Harold Strachan: Bram’s Bow-maker

Harold Strachan: Bram's Bow-maker

Zoë Molver – University of KwaZulu Natal

 

Talking to Harold Strachan last year, he said that people thought he and Hugh Lewin, old comrade in arms, were too sentimental about prison, “going on about it as they did”.  He disagreed. “It’s not just about prison.  It's about how you confront yourself in the minutest way; it's an opportunity for self-reflection.  When you enter ‘boep’ (prison) you belong to the prison services, you have no status there – you have to give it a purpose.  I established a way of looking at prison and a survival strategy, which had nothing to do with ideology.  When Bram (Fischer) came into Pretoria Local I told him that they would try to break us – all that we had to fall back on were small personal things." Harold and Bram spent 20 minutes every day exercising together, during which time they told each other stories, Bram of trips with his wife Molly to the Waterberg, and Harold of fishing.  “I told Bram, pick up your feet and float."

 

There has been much debate in post-apartheid South Africa amongst writers and critics about the difficulties in finding a voice to tell the stories of this country’s long struggle for democracy, a voice which would engage the imaginations of readers jaded by doggedly explanatory stories with overtly political agendas.

 

In the Introduction to Writing South Africa (Literature, Apartheid, and Democracy, 1970-1995), editors Attridge and Jolly comment that the need to “tell the underside of apartheid history” is matched by a desire to find an appropriate form of narration.  They go on to say that “South Africa has passed through a period that has … produced a large body of what one might call judgemental texts, both critical and creative; texts that assume an ethical sufficiency to exist in the condemnation of apartheid and its agents.  For this reason, the current South African situation forms a productive arena for the exploration of the uses and limitations of, as well as alternatives to, judgemental writing” (1998: 7).

 

I have recently read three 'struggle stories’, quite different in kind: Bram Fischer.
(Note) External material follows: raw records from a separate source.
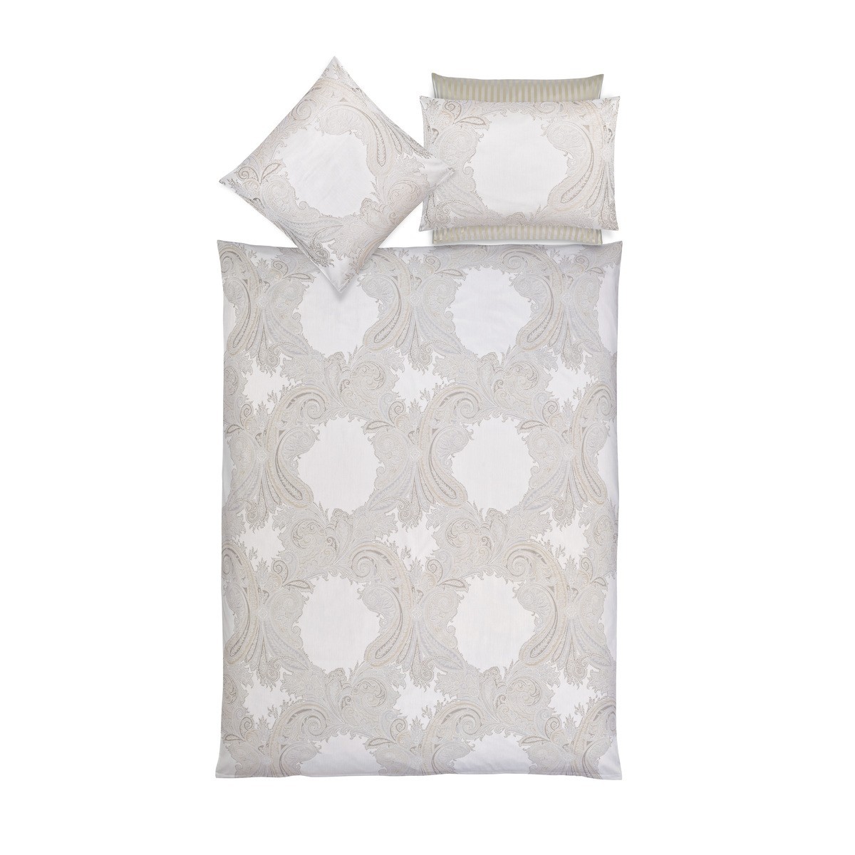 Le linge de lit Grace de Christian Fischbacher est un chef-d'œuvre du tissage jacquard, alliant qualité exceptionnelle et savoir-faire artisanal.
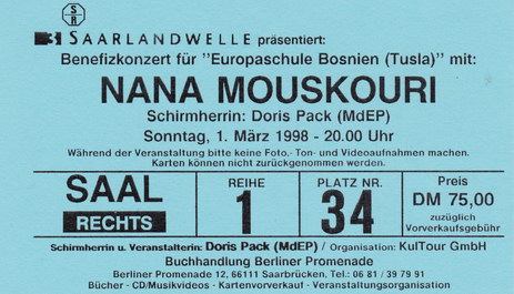 | 25.06.1998 | Athens / Athen (Benefiz Konzert Melina Mercouri) |
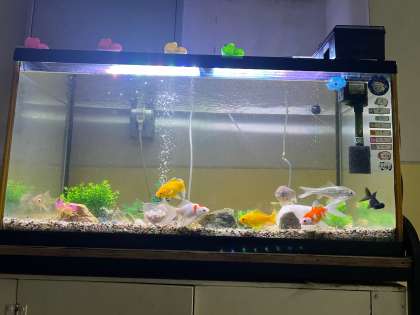 また、これまで玄関にあった金魚の水槽は階段横に移動しましたが、校長先生がライトをつけて下さり、こちらもリニューアルしました!
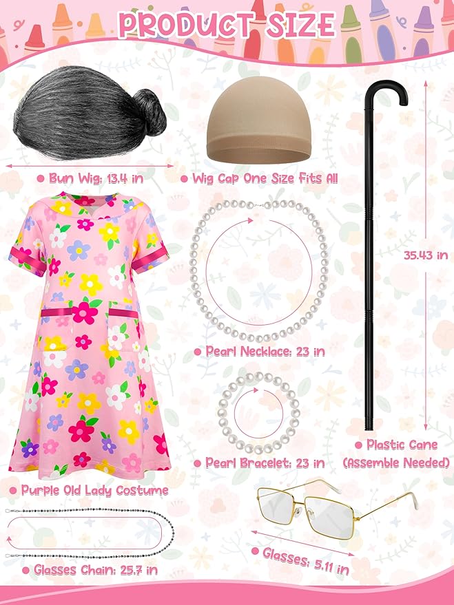 - Product Size - Our old lady outfit for kids with a range of sizes of M, L, XL, ensuring an comfortable fit for most girls. The old lady wig is 13.4 in, the wig cap is elastic, making it suitable for all kids. With a 16.53-inch pearl necklace, a 7-inch pearl bracelet, 5.11-inch grandma glasses, 25.7-inch glasses chain, and a 35.43-inch walking cane.
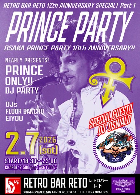 会場となるレトロ・バー レト12周年&大阪プリパ10周年を記念し、2026年2月7日にプリンス・パーティが開催されます。

Afrikaner Revolutionary, a biography of Afrikaner dissident Bram Fischer by Stephen Clingman published in 1998, Bandiet Out of Jail, a republication in 2002 of a classic work of South African prison literature by Hugh Lewin, and Ben Turok’s autobiography, Nothing But The Truth: Behind the ANC’s Struggle Politics, published in November 2003. Harold “Jock” Strachan appears briefly in each of these texts as a secondary but unforgettable character. Clingman describes how Bram Fischer is issued with outsize clothing and a large, greasy old hat as part of the routine humiliation of political prisoners. Jock Strachan’s response is to distinguish the hat by decorating it, sewing on a magnificent red and green checked bow. Bram continued to wear the hat proudly. Hugh Lewin recalls Strachan’s artistic ingenuity in producing props and costumes from bits and pieces – sweet papers, cardboard, rags, feathers, ink dyes – for the 1966 Pretoria Local’s Christmas production of Shakespeare’s Henry IV: “Jock produced colour where there was no colour; colour, briefly, in the dull sameness of the yard’s gloom” (Lewin 2002: 154).Ben Turok pays tribute to Harold Strachan’s companionship in prison and his extraordinary political and emotional integrity under extreme circumstances.

 

Clingman's substantial bibliography lists more than two pages of taped and written interviews – Strachan's name is not on this list, albeit that he intersects with and has survived many of the central figures mentioned in the biography.  He remains undocumented, an unsung hero of the liberation struggle flying under the radar.   Dan Jacobson, in an article published last year in The London Review of Books on Strachan’s 1998 bildungsroman, Way Up, Way Out,  has commented on how few readers in and outside SA are familiar with his writing. “I read the book ‘blind’, admired it greatly, and then discovered that I was not alone in never having heard of it.  … I made … attempts to rouse some interest in the book, and … was told by the publishers I contacted that it was ‘too South African’ to appeal to readers in this country.  Too South African?  While I understand why this charge may be made against the book – however wrong-headedly- I also suspect it to be a cover for another, contradictory source of dissatisfaction with it: namely that it is not South African enough.” (London Review of Books, January 2, 2003). 

 

As oppositional as his voice was to the dominant discourse of apartheid in the 60’s and 70’s, so seventy-nine year old Strachan’s writing now is frequently oppositional to the dominant struggle discourse.  “One thing I haven’t got is reverence or piety”, says Strachan.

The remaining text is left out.